§ **Instructions for the task**: From the material below, set down exactly the lines that run from the one containing "BAUD greitis nustatomas" to the one containing "- Ưu đãi 10%", minus the pictures.

§ **Information given**:
——

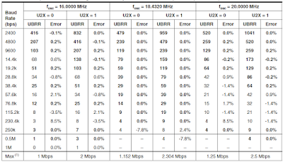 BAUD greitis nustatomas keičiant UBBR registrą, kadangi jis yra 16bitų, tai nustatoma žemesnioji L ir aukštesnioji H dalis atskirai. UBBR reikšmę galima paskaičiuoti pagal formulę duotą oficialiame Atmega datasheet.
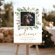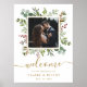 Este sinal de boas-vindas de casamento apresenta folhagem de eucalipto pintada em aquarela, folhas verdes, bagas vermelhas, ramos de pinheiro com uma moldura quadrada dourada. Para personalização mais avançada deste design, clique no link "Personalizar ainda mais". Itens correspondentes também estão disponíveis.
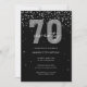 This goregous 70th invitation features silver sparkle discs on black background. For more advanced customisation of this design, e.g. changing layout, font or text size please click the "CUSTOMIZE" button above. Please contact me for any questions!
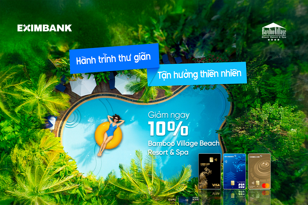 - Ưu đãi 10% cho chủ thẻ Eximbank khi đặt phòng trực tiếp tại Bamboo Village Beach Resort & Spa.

——

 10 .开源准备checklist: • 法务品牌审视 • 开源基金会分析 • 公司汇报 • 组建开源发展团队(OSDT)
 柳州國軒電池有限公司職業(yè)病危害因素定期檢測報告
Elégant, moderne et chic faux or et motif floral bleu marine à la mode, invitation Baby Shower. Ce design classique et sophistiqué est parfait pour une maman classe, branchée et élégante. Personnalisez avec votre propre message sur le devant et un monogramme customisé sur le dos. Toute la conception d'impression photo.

——

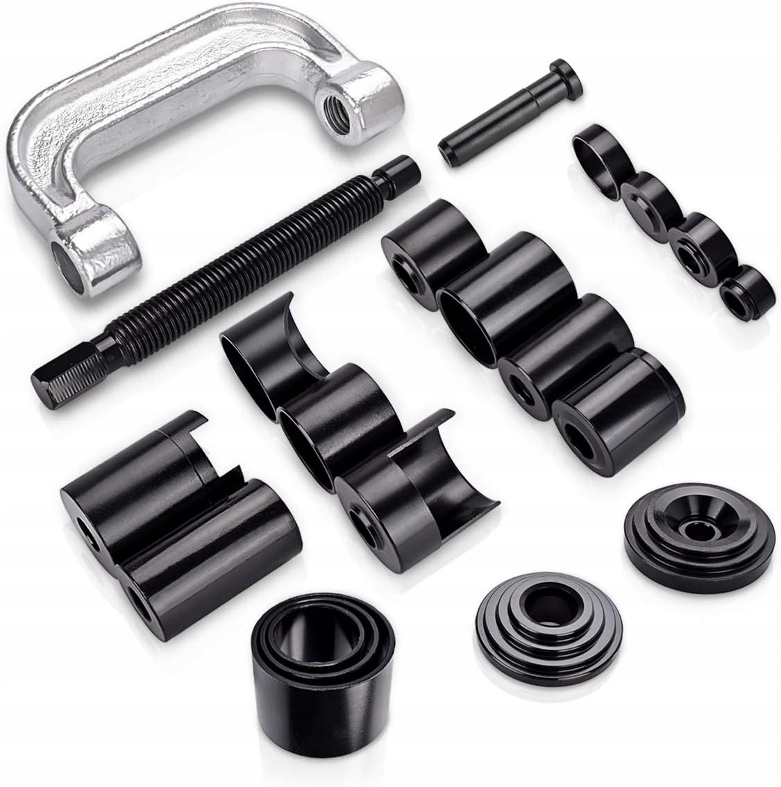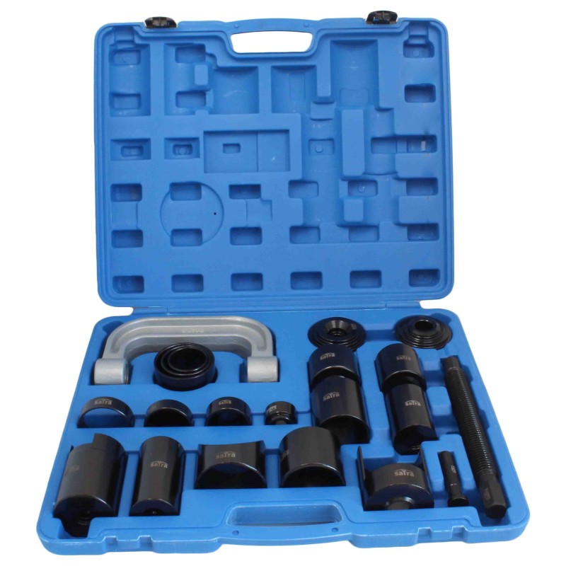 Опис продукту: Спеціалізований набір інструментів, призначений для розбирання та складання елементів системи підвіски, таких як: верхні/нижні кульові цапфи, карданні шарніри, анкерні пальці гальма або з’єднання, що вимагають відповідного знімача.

——

§ **The completed task**:
 BAUD greitis nustatomas keičiant UBBR registrą, kadangi jis yra 16bitų, tai nustatoma žemesnioji L ir aukštesnioji H dalis atskirai. UBBR reikšmę galima paskaičiuoti pagal formulę duotą oficialiame Atmega datasheet.
 Este sinal de boas-vindas de casamento apresenta folhagem de eucalipto pintada em aquarela, folhas verdes, bagas vermelhas, ramos de pinheiro com uma moldura quadrada dourada. Para personalização mais avançada deste design, clique no link "Personalizar ainda mais". Itens correspondentes também estão disponíveis.
 This goregous 70th invitation features silver sparkle discs on black background. For more advanced customisation of this design, e.g. changing layout, font or text size please click the "CUSTOMIZE" button above. Please contact me for any questions!
 - Ưu đãi 10% cho chủ thẻ Eximbank khi đặt phòng trực tiếp tại Bamboo Village Beach Resort & Spa.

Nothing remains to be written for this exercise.